We recently started reworking pynisher which is in charge of limiting resources for spawned processes. This error line is directly from pynisher and is in the comment you linked: resource.setrlimit(resource.RLIMIT_AS, (mem_in_b, mem_in_b))\nValueError: current limit exceeds maximum limit.

We have another push on getting it to work tomorrow hopefully but we still need a solution for Windows before we can make a release on that.

If you’d like more context or have any solutions, we can use the builtin python module resources for limiting memory on Unix based systems but there is no windows equivalent, it’s a unix only module. We need to find a substitute and then set up some local testing for it (we have no windows machines). There’s also other discrepancies between the three core operating systems.

The error above seems to happen regardless of the memory you provide for RLIMIT_XXX and we think that RLIMIT_AS only works for Linux, or at least doesn’t work on newer MAC OS systems.

If we can’t get a windows version working soon, we will push the Mac fixed version as soon as we can and hopefully it will solve the issue for you 😃

Best, Eddie

eddiebergman on Apr 18, 2022

Hi @sofidenner,

We don’t have infrastructure (a machine with that many cores) to actually test this properly which makes this difficult but we just want to write here to say we are aware of the issue and sorry that we have no response as of yet.

eddiebergman on Nov 17, 2021

I get the same error https://github.com/automl/auto-sklearn/issues/360#issuecomment-963293965 On macOS Monterey with M1 Pro The installation was successful and importing the package works.

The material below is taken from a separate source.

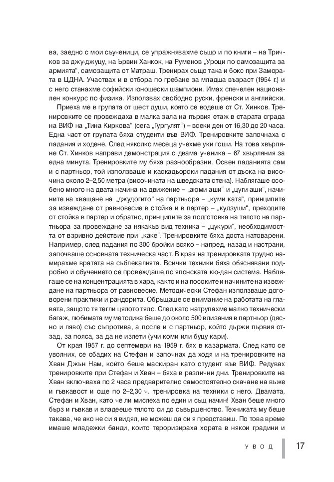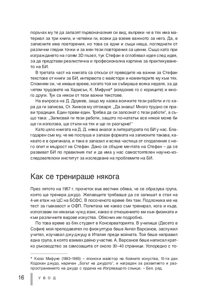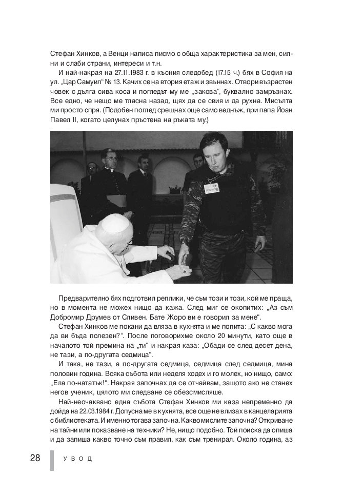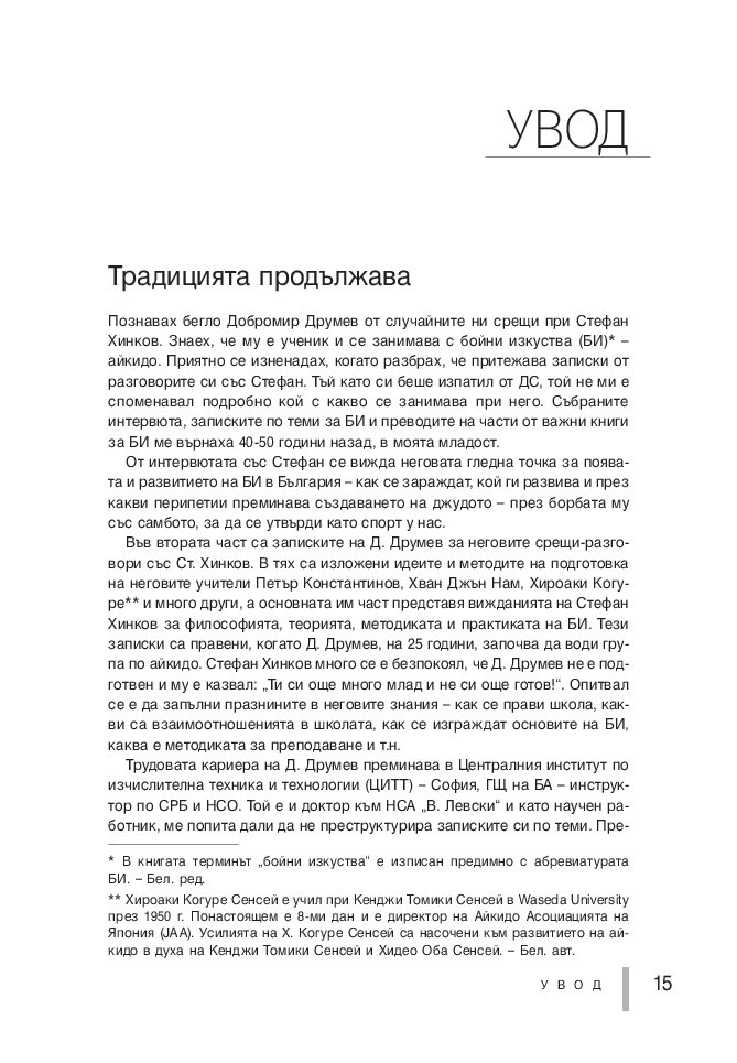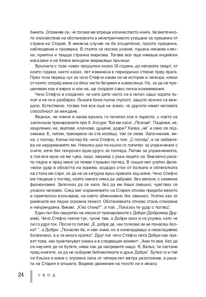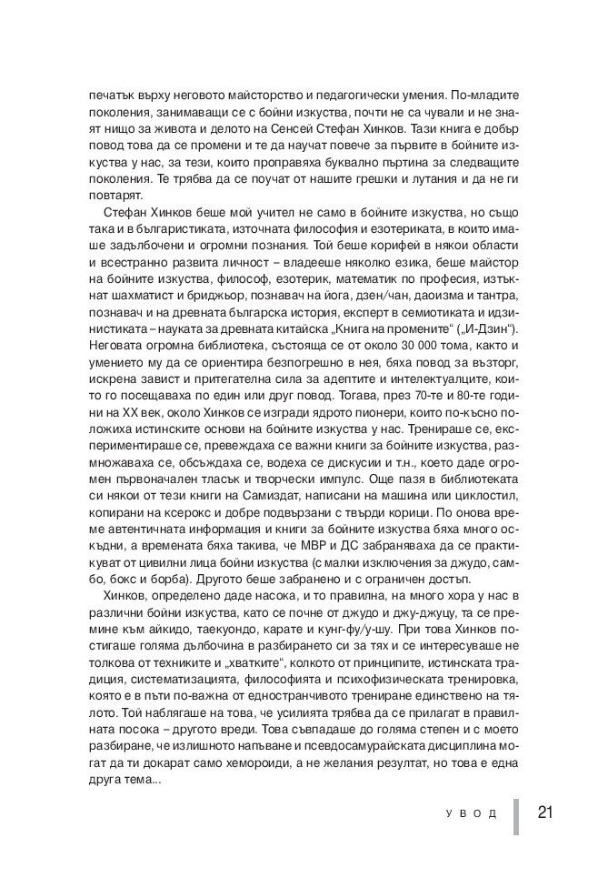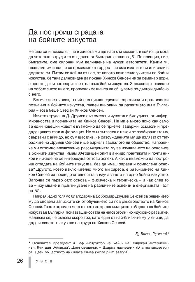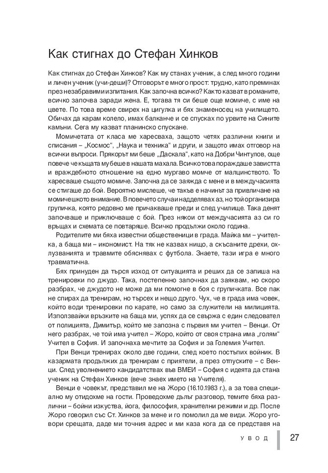 Д-р Добромир П. Друмев е събрал и записал не просто разговорите си със Сенсей Стефан Хинков, а е проследил създаването, налагането и разпространението, изпъстрено с многобройни перипетии и трудности, на източните бойни изкуства у нас легално и нелегално. Тяхната философия и практика навлизат с немногобройните и просъществували за кратко или по-дълго школи у нас, с българските треньори (майстори) и канените чуждестранни учители, с преведените за собствена употреба текстове за бойни изкуства.

It seems to be related to this. I understand auto-sklearn is not tested on macOS but I thought about reporting this known issue anyway in case someone finds a solution (which does not require downgrading the OS)

erinaldi on Apr 18, 2022

Hey @mfeurer, I understand. I tried with a lower memory configuration and it still didnt go away. However, in the case anyone faces this issue like me: the error stopped happening when I downgraded my MacOS version to below 12.0 (Monterey).

raphaelTrench on Feb 4, 2022